How to complete this task.
An exact copy is needed of the lines from the one that contains "18 Grids Ice" through the final line of the data below, with pictures left out.

Recorded data.

○ ○ ○ ○

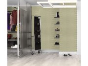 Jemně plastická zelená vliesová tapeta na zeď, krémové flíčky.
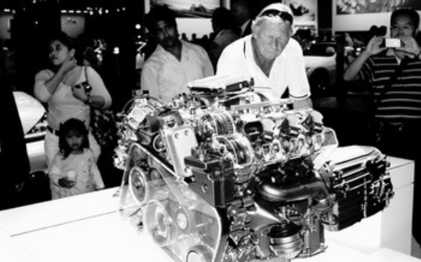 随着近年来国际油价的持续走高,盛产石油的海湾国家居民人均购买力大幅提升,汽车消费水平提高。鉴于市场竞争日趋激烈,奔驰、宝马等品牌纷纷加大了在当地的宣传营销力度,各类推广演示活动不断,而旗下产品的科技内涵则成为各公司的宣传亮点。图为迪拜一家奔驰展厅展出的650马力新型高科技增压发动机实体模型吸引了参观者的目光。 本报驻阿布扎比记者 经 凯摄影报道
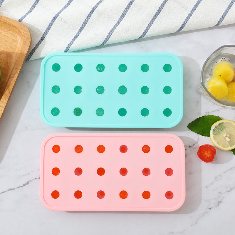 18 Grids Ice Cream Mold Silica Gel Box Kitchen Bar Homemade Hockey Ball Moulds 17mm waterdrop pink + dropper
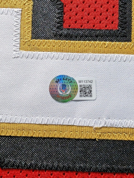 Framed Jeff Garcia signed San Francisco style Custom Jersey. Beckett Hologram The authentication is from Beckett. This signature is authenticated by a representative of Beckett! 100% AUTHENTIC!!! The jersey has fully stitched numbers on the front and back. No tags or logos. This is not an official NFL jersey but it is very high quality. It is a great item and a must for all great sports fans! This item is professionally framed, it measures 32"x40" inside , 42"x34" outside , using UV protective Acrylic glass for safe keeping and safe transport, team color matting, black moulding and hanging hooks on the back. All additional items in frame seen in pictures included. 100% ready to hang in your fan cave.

○ ○ ○ ○

Exercise result.
 18 Grids Ice Cream Mold Silica Gel Box Kitchen Bar Homemade Hockey Ball Moulds 17mm waterdrop pink + dropper
 Framed Jeff Garcia signed San Francisco style Custom Jersey. Beckett Hologram The authentication is from Beckett. This signature is authenticated by a representative of Beckett! 100% AUTHENTIC!!! The jersey has fully stitched numbers on the front and back. No tags or logos. This is not an official NFL jersey but it is very high quality. It is a great item and a must for all great sports fans! This item is professionally framed, it measures 32"x40" inside , 42"x34" outside , using UV protective Acrylic glass for safe keeping and safe transport, team color matting, black moulding and hanging hooks on the back. All additional items in frame seen in pictures included. 100% ready to hang in your fan cave.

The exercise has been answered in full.